Der Stürmer: "Satan". The caption reads: "The Jews are our misfortune."
Further information: History of the Jews in Germany
See also: Holocaust

From the early Middle Ages to the 18th century, the Jews in Germany were subject to many persecutions as well as brief times of tolerance. Though the 19th century began with a series of riots and pogroms against the Jews, emancipation followed in 1848, so that, by the early 20th century, the Jews of Germany were the most integrated in Europe. The situation changed in the early 1930's with the rise of the Nazis and their explicitly antisemitic program. Hate speech which referred to Jewish citizens as "dirty Jews" became common in antisemitic pamphlets, newspapers such as the Völkischer Beobachter and Der Stürmer, and radio. Additionally, blame was laid on German Jews for having caused Germany's defeat in World War I (see Dolchstosslegende).

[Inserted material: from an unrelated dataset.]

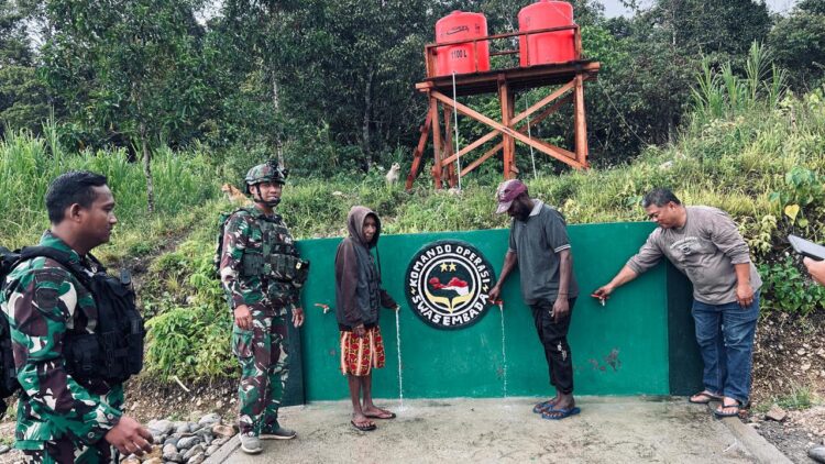 Kampung Kutdol, Pegunungan Bintang — TNI melalui Program TNI Manunggal Air membangun dan menyerahkan penampungan air bersih bagi warga Kampung Kutdol, sebagai solusi keterbatasan akses air terutama pada musim kemarau. Program ini menyasar kampung-kampung di sekitar Pos Okpol yang kerap terkendala pasokan air, agar kebutuhan harian—mulai dari konsumsi, kebersihan, hingga sanitasi—lebih terjamin.(Senin,24/11/2025).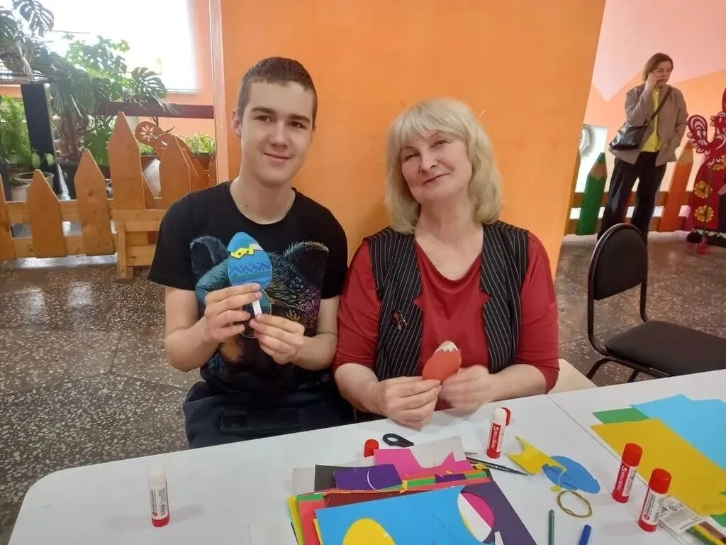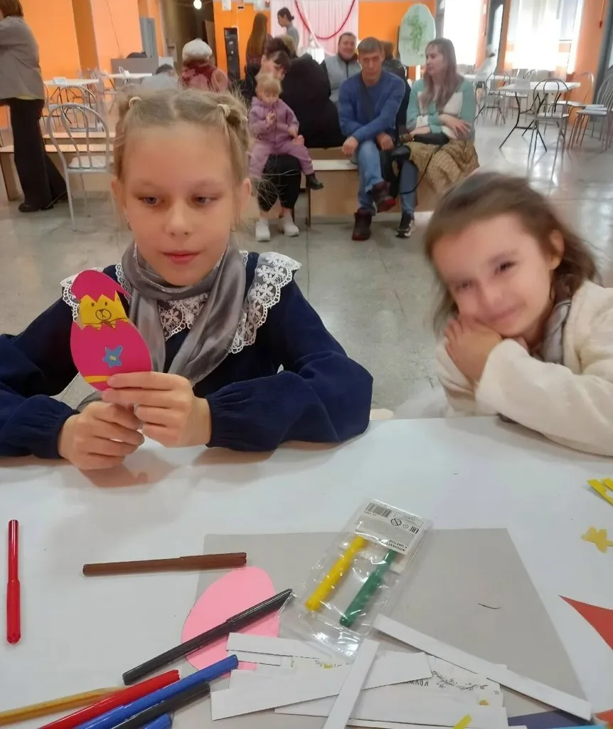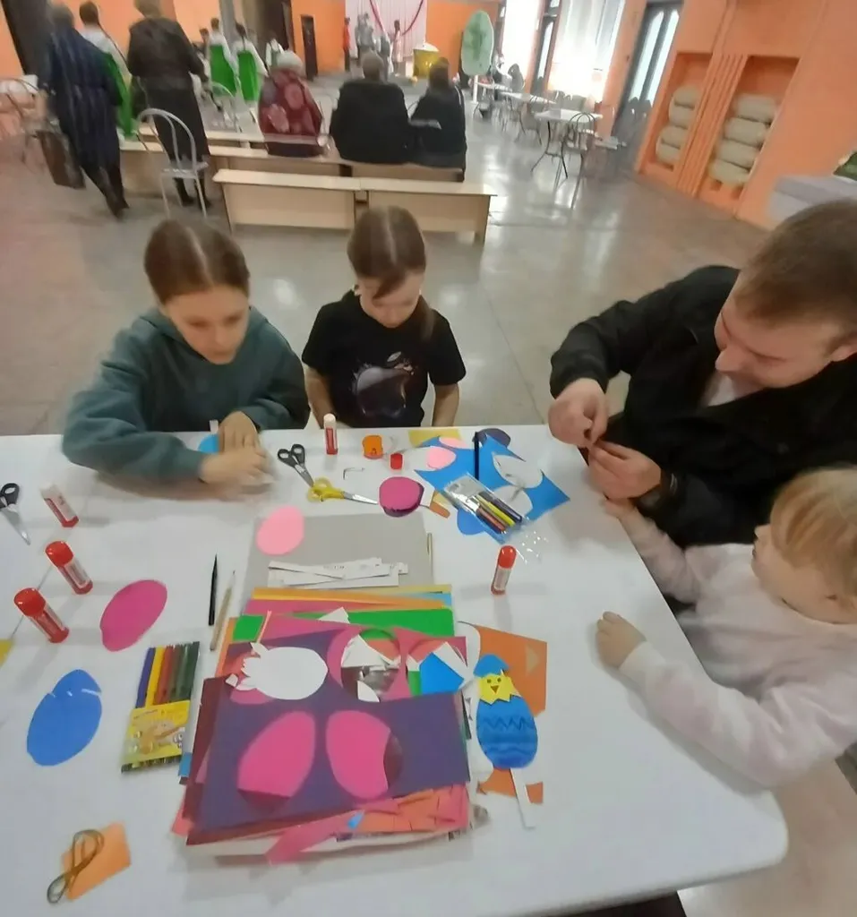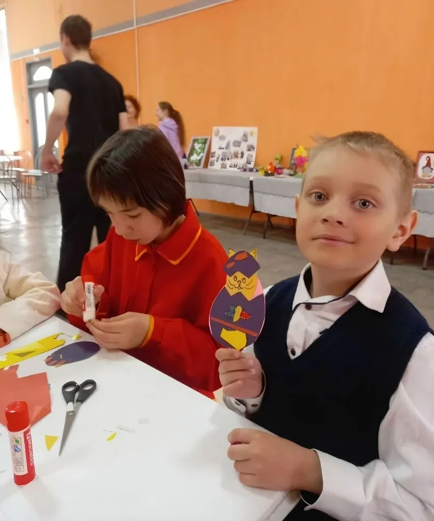 Преподаватель художественной школы №12 Медведчикова Елена Николаевна провела для присутствующих ребятишек мастер-класс по изготовлению интерактивного яйца-сюрприза из бумаги. Дети вырезали заготовки из цветной бумаги, склеивали детали и расписывали узорами. Внутри яйца мог спрятаться любой герой - цыплёнок, котёнок или зайчик.

Anti-Jewish propaganda expanded rapidly. Nazi cartoons depicting "dirty Jews" frequently portrayed a dirty, physically unattractive and badly dressed "talmudic" Jew in traditional religious garments similar to those worn by Hasidic Jews. Articles attacking Jewish Germans, while concentrating on commercial and political activities of prominent Jewish individuals, also frequently attacked them based on religious dogmas, such as blood libel.

The Nazi antisemitic program quickly expanded beyond mere speech. Starting in 1933, repressive laws were passed against Jews, culminating in the Nuremberg Laws which removed most of the rights of citizenship from Jews, using a racial definition based on descent, rather than any religious definition of who was a Jew. Sporadic violence against the Jews became widespread with the Kristallnacht riots, which targeted Jewish homes, businesses and synagogues, killing hundreds across Germany and Austria.

The antisemitic agenda culminated in the genocide of the Jews of Europe, known as the Holocaust.

[edit] Russia and the Soviet Union

Further information: History of the Jews in Russia and Soviet Union
Image:Iudaism bez prikras 63-7.gif
"Judaism Without Embellishments" by Trofim Kichko, published by the Academy of Sciences of the Ukrainian SSR in 1963: "It is in the teachings of Judaism, in the Old Testament, and in the Talmud, that the Israeli militarists find inspiration for their inhuman deeds, racist theories, and expansionist designs..."

The Pale of Settlement was the Western region of Imperial Russia to which Jews were restricted by the Tsarist Ukase of 1792. It consisted of the territories of former Polish-Lithuanian Commonwealth, annexed with the existing numerous Jewish population, and the Crimea (which was later cut out from the Pale).

During 1881-1884, 1903-1906 and 1914-1921, waves of antisemitic pogroms swept Russian Jewish communities. At least some pogroms are believed to have been organized or supported by the Russian okhranka. Although there is no hard evidence for this, the Russian police and army generally displayed indifference to the pogroms, for instance during the three-day First Kishinev pogrom of 1903.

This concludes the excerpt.